FIG. 1 is a cross-sectional view of a thick film resistor according to an embodiment of the present invention.

FIG. 2 is a plan view of a thick film resistor according to an embodiment of the present invention.

[Explanation of symbols]

 REFERENCE SIGNS LIST 1 ceramic substrate 2 resistive film 3, 4 front electrode 5, 6 back electrode 7 external electrode 8 connection Ag conductor film 9 glass coat (protective layer) 10 resin coat or glass coat (protective layer)

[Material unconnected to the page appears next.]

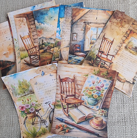 Papéis Estampados A6 Papel Retrô 16pçs - Vida no Campo

 ──────────────────────────────────────────────────続 き Continuing on the front page (72) Inventor Hisashi Matsuno 19-2 Kiyohara Industrial Park, Utsunomiya City, Tochigi Prefecture, Japan Central Research Institute of Technology (72) Inventor Keiichiro Hayakawa 19-2 Kiyohara Industrial Park, Utsunomiya City, Tochigi Prefecture Upon Corporation

Claims (8)

[Claims] 1. A first and a second resist film formed from an Ag paste containing palladium and / or platinum as components so as to sandwich the resistive film on the surface of the insulating substrate and the resistive film in the length direction thereof. A second electrode is provided in opposition, and is disposed so as to straddle an end of the opposing resistive film and an end of the first or second electrode, and connects the resistive film and the electrode, and does not contain palladium and platinum. A thick film resistor comprising: an Ag conductor film formed from an Ag paste. 2. The thick film resistor according to claim 1, wherein at least the Ag conductor film and the resistance film are covered with a protective layer mainly composed of glass. 3. The thick film resistor according to claim 1, wherein said resistive film and said first and second electrodes are co-fired in air at a temperature of 800 to 900 ° C. 4. A resistive coating is formed by printing and drying a resistive paste on an insulating substrate, and further comprises palladium and / or platinum as a component.
g paste is printed, dried, and fired simultaneously in the air to form first and second electrodes so as to face and sandwich the resistive coating in the longitudinal direction of the resistive coating. Printing an Ag paste not containing palladium and platinum on the opposite end of the resistive coating and the end of the first or second electrode such that one end overlaps each end,
A method for manufacturing a thick film resistor, comprising forming an Ag conductor film by firing. 5. Ag forming the first and second electrodes
The paste contains palladium and / or platinum
5. The method for producing a thick film resistor according to claim 4, wherein the content is 20% by weight. 6. A resist paste printed and dried to form the resistive film, and an Ag paste printed and dried on an insulating substrate to form first and second electrodes, in air. The method for manufacturing a thick film resistor according to claim 4 or 5, wherein the temperature for simultaneous firing is 800 to 900 ° C. 7. The palladium and platinum are arranged on an end of the resistive film and an end of the first or second electrode so as to partially overlap each end to form the Ag conductor film. After printing and drying the Ag paste containing no
The method for producing a thick film resistor according to any one of claims 4 to 6, wherein the temperature for firing in air is 550 to 650 ° C. 8. After forming the resistive film, the first and second electrodes, and the Ag conductive film, printing and drying a glass paste containing lead glass as a main component so as to cover at least the resistive film and the Ag conductive film. 5. The method according to claim 4, further comprising the step of firing at a temperature of 550 to 650 ° C. in air.
8. The method for manufacturing a thick film resistor according to any one of claims 1 to 7.